This is a summary matrix that summarizes the point-estimated posterior means and variances. Uncertainty around the posterior means is estimated from the estimated covariance matrix. Rows are parameters. The following columns are included: Mean, SD (Standard Deviation), LB (Lower Bound), and UB (Upper Bound). The bounds constitute a 95% probability interval.
This is a summary matrix that summarizes the
posterior samples drawn with sampling importance resampling
(SIR
) when sir=TRUE
, given the point-estimated
posterior means and covariance matrix. Rows are parameters. The
following columns are included: Mean, SD (Standard Deviation),
LB (Lower Bound), and UB (Upper Bound). The bounds constitute a 95%
probability interval.
This is the last Tolerance
of the
VariationalBayes
algorithm.
This is the Stop.Tolerance
criterion.
Variational Bayes (VB) is a family of numerical approximation algorithms that is a subset of variational inference algorithms, or variational methods. Some examples of variational methods include the mean-field approximation, loopy belief propagation, tree-reweighted belief propagation, and expectation propagation (EP).
Variational inference for probabilistic models was introduced in the field of machine learning, influenced by statistical physics literature (Saul et al., 1996; Saul and Jordan, 1996; Jaakkola, 1997). The mean-field methods in Neal and Hinton (1999) led to variational algorithms.
Variational inference algorithms were later generalized for conjugate exponential-family models (Attias, 1999, 2000; Wiegerinck, 2000; Ghahramani and Beal, 2001; Xing et al., 2003). These algorithms still require different designs for different model forms. Salimans and Knowles (2013) introduced general-purpose VB algorithms for Gaussian posteriors.
A VB algorithm deterministically estimates the marginal posterior
distributions (target distributions) in a Bayesian model with
approximated distributions by minimizing the Kullback-Leibler
Divergence (KLD
) between the target and its
approximation. The complicated posterior distribution is approximated
with a simpler distribution. The simpler, approximated distribution is
called the variational approximation, or approximation distribution,
of the posterior. The term variational is derived from the calculus of
variations, and regards optimization algorithms that select the best
function (which is a distribution in VB), rather than merely selecting
the best parameters.
VB algorithms often use Gaussian distributions as approximating distributions.
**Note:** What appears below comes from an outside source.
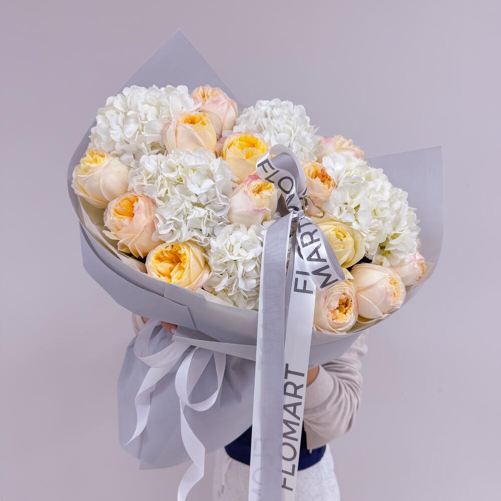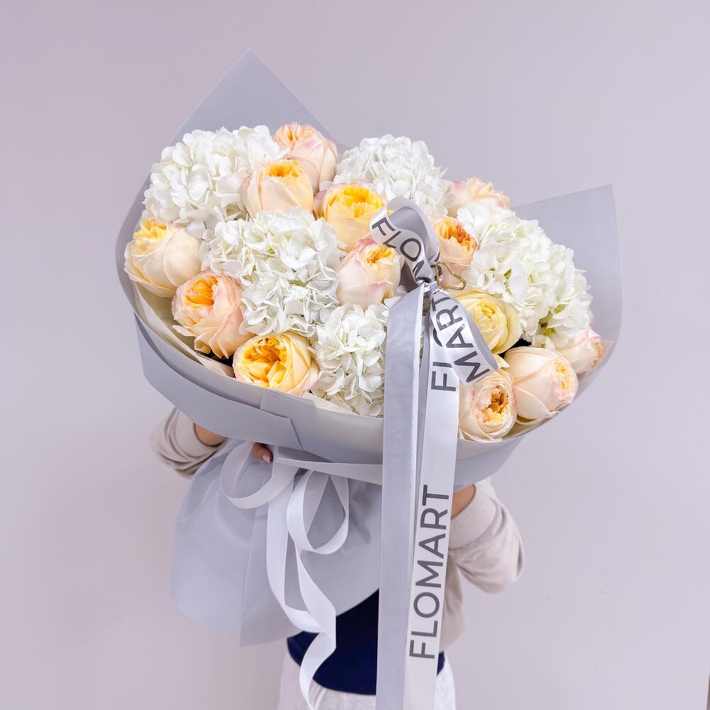 Hydrangea - 5 pcs exclusive peony roses - 13 pcs

In this case, both the mean and variance of the parameters are estimated.
Usually, a VB algorithm is slower to convergence than a Laplace Approximation algorithm, and faster to convergence than a Monte Carlo algorithm such as Markov chain Monte Carlo (MCMC). VB often provides solutions with comparable accuracy to MCMC in less time. Though Monte Carlo algorithms provide a numerical approximation to the exact posterior using a set of samples, VB provides a locally-optimal, exact analytical solution to an approximation of the posterior. VB is often more applicable than MCMC to big data or large-dimensional models.
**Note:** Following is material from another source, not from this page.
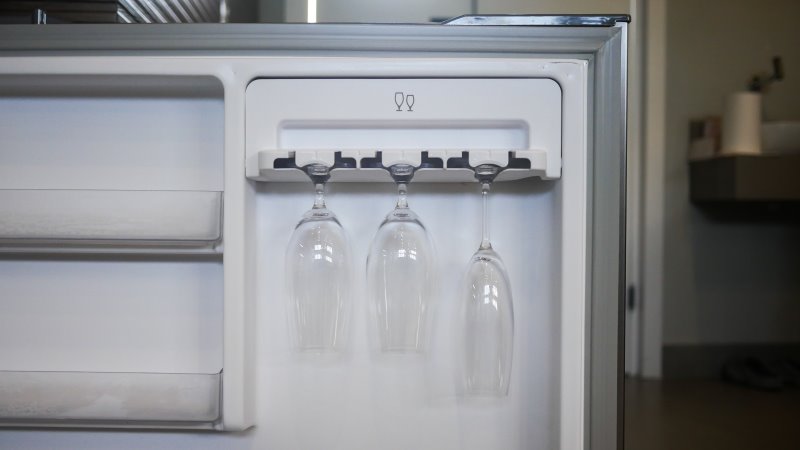 Na porta, a Brastemp também colocou um espaço para gelar taças com um encaixe da base para deixá-las de cabeça para baixo.

Since VB is deterministic, it is asymptotic and subject to the same limitations with respect to sample size as Laplace Approximation. However, VB estimates more parameters than Laplace Approximation, such as when Laplace Approximation optimizes the posterior mode of a Gaussian distribution, while VB optimizes both the Gaussian mean and variance.
Traditionally, VB algorithms required customized equations. The
VariationalBayes
function uses general-purpose algorithms. A
general-purpose VB algorithm is less efficient than an algorithm
custom designed for the model form. However, a general-purpose
algorithm is applied consistently and easily to numerous model forms.
When Method="Salimans2"
, the second algorithm of Salimans and
Knowles (2013) is used. This requires the gradient and Hessian, which
is more efficient with a small number of parameters as long as the
posterior is twice differentiable. The step size is constant. This
algorithm is suitable for marginal posterior distributions that are
Gaussian and unimodal. A stochastic approximation algorithm is used
in the context of fixed-form VB, inspired by considering fixed-form VB
to be equivalent to performing a linear regression with the sufficient
statistics of the approximation as independent variables and the
unnormalized logarithm of the joint posterior density as the dependent
variable. The number of requested iterations should be large, since the
step-size decreases for larger requested iterations, and a small
step-size will eventually converge. A large number of requested
iterations results in a smaller step-size and better convergence
properties, so hope for early convergence. However convergence is
checked only in the last half of the iterations after the algorithm
begins to average the mean and variance from the samples of the
stochastic approximation. The history of stochastic samples is
returned.
Attias, H. (1999). "Inferring Parameters and Structure of Latent Variable Models by Variational Bayes". In Uncertainty in Artificial Intelligence.
Attias, H. (2000). "A Variational Bayesian Framework for Graphical Models". In Neural Information Processing Systems.
Ghahramani, Z. and Beal, M. (2001). "Propagation Algorithms for Variational Bayesian Learning". In Neural Information Processing Systems, p. 507--513.
Jaakkola, T. (1997). "Variational Methods for Inference and Estimation in Graphical Models". PhD thesis, Massachusetts Institute of Technology.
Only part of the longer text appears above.